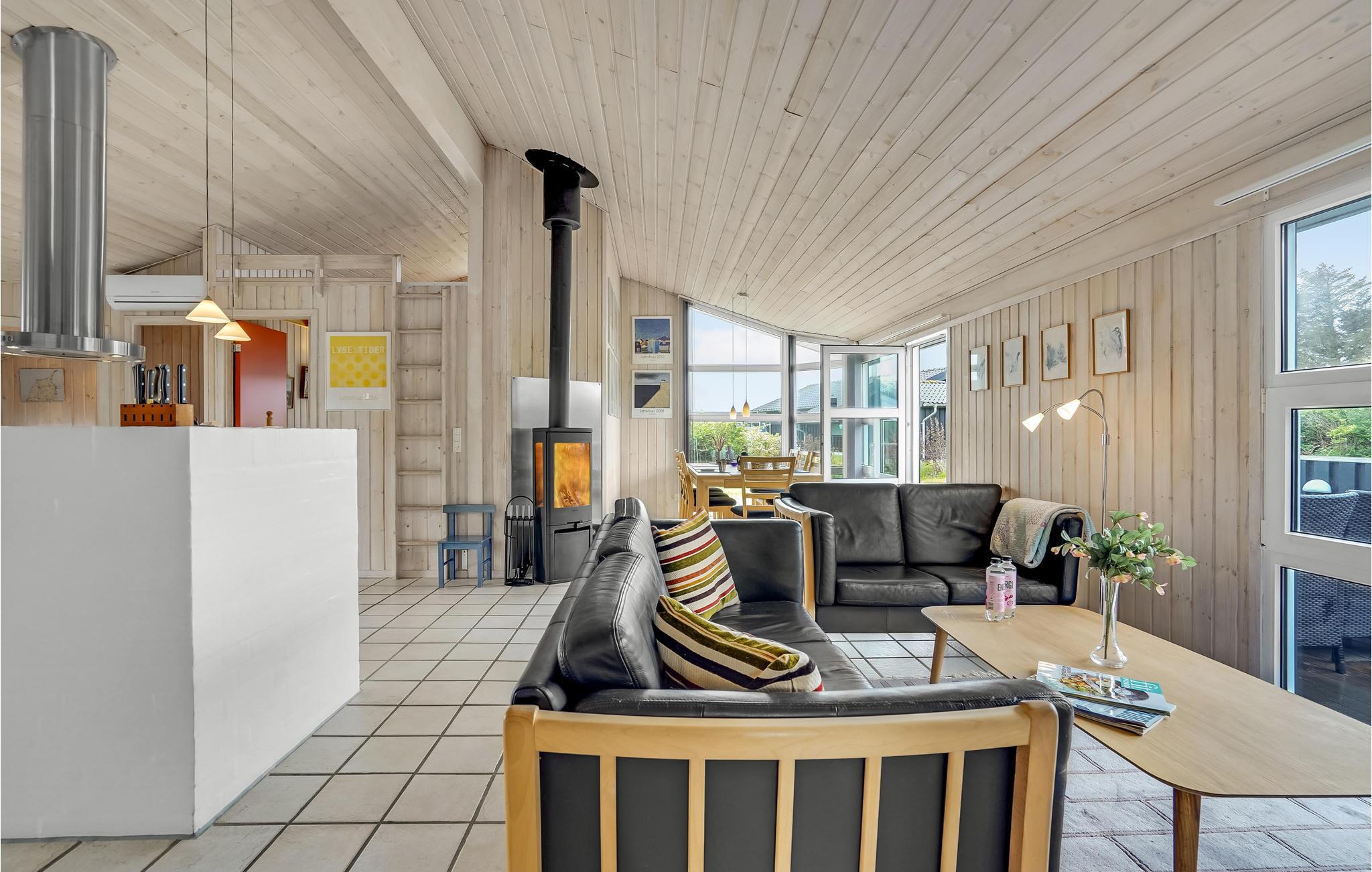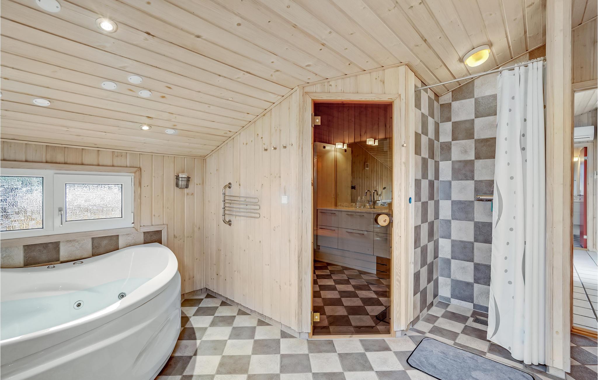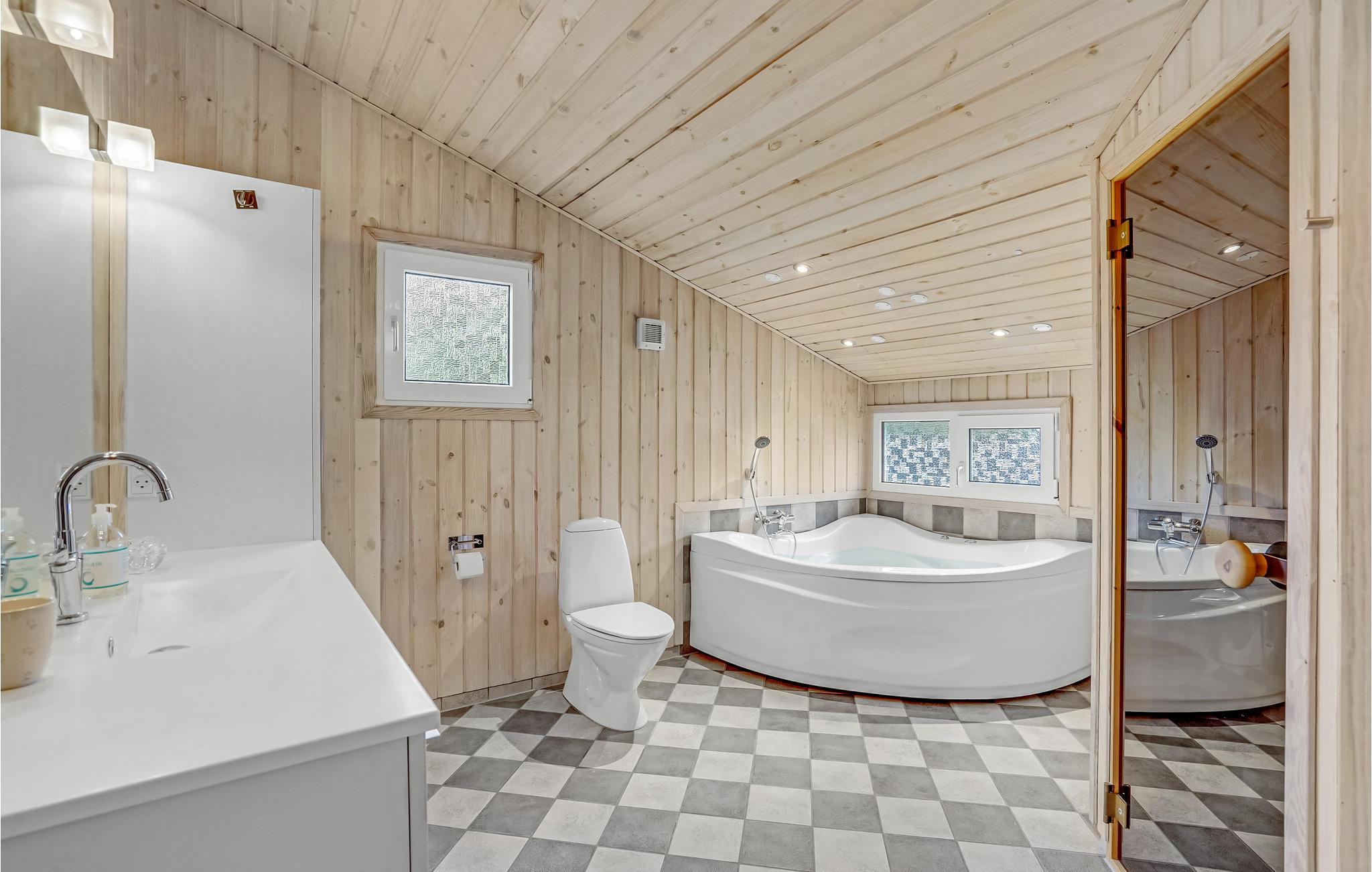 Glæd jer til nogle skønne dage i dette rummelige, lyse og praktisk indrettede feriehus. Over 100 m2 terrasser og den skønne, børnevenlige grund indbyder til solbadning, leg, sport, udendørsspil og hyggelige grillaftener. Op til tre kæledyr er også velkomne her, så hele familien kan holde ferie sammen. Takket være spa og sauna kan I se frem til rendyrket ferieafslapning, men hovedattraktionen er det lækre vildmarksbad, hvor en drink kan nydes om aftenen til den dejlige kombination af vildmarksbadets varme vand og den friske luft. En god feriedag kan afsluttes i opholdsstuen foran brændeovnen og fladskærmen, som er udstyret med Chromecast, således at I kan streame jeres yndlingsfilm- og serier.
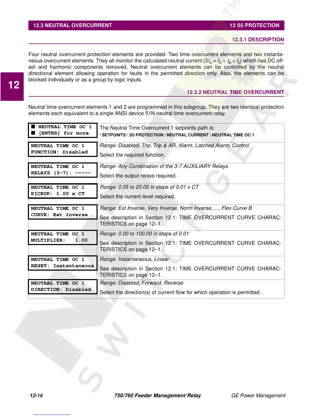 12.3 NEUTRAL OVERCURRENT 12.3.1 DESCRIPTION
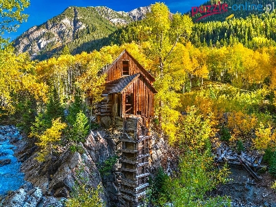 Drzewa, Młyn, Kolorado, Stany Zjednoczone, Jesień, Crystal Mill, Rzeka, Skały, Góry, Crystal River
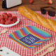 Farbenfrohe Papiertafel mit Regenbogen-Pop, einem Muster, das wie ein beliebtes Fidget / Sinnesspielzeug und Accessoires aussieht. Anpassen mit Namen oder Nachricht im mittleren Textquadrat.
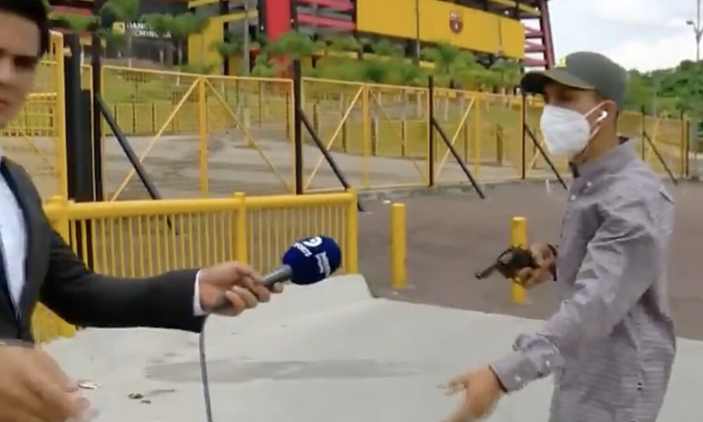 Diego Ordinola, a sports journalist for radio Diblú and Directv, suffered a robbery while he was outside the Monumental stadium carrying out informational work related to the Yellow Night In a video, an individual is seen wearing a mask and cap, he points a gun at Ordinola, to later do the same to the cameraman took the mobile phone and run away.
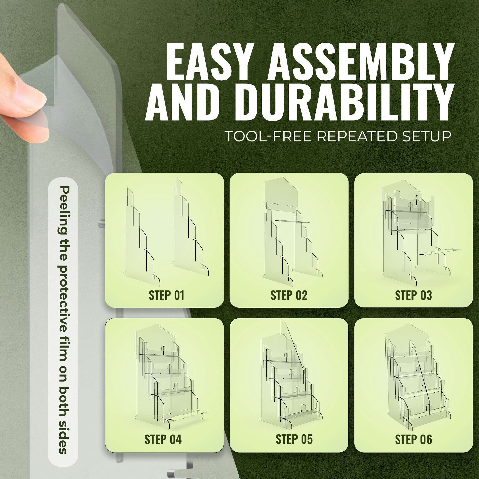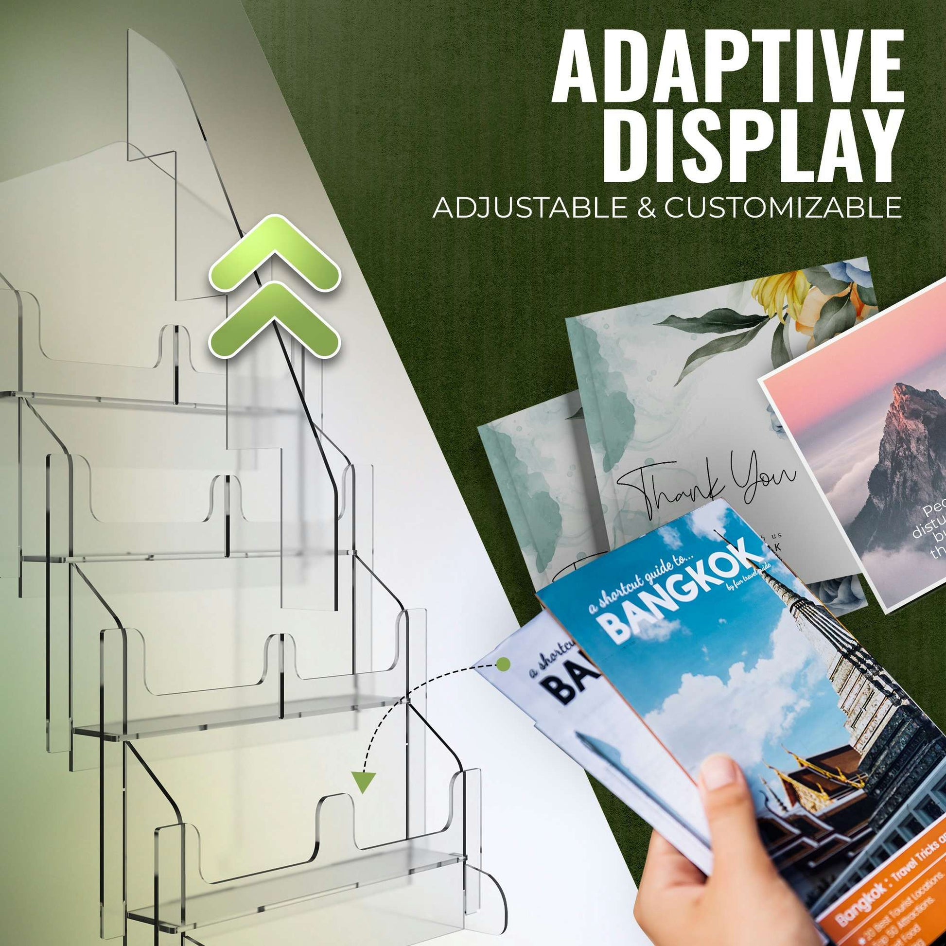 - Adaptable and Spacious - Each pocket (Width: 4’’ x Height: 3.8’’ x Depth: 1.37’’) is a canvas for your creativity. Remove the partition board to transform the stand into a versatile display for different-sized greeting cards, flyers, brochures, and pamphlets in vendor events. One stand, countless possibilities!

------------------------

- EXERCISE REQUIREMENTS -
Your copy should hold only the lines running from the one that contains "Diego Ordinola, a" through the final line of the data; transcribe them exactly, both ends included, and leave pictures out.

- EXERCISE RESPONSE -
 Diego Ordinola, a sports journalist for radio Diblú and Directv, suffered a robbery while he was outside the Monumental stadium carrying out informational work related to the Yellow Night In a video, an individual is seen wearing a mask and cap, he points a gun at Ordinola, to later do the same to the cameraman took the mobile phone and run away.
 - Adaptable and Spacious - Each pocket (Width: 4’’ x Height: 3.8’’ x Depth: 1.37’’) is a canvas for your creativity. Remove the partition board to transform the stand into a versatile display for different-sized greeting cards, flyers, brochures, and pamphlets in vendor events. One stand, countless possibilities!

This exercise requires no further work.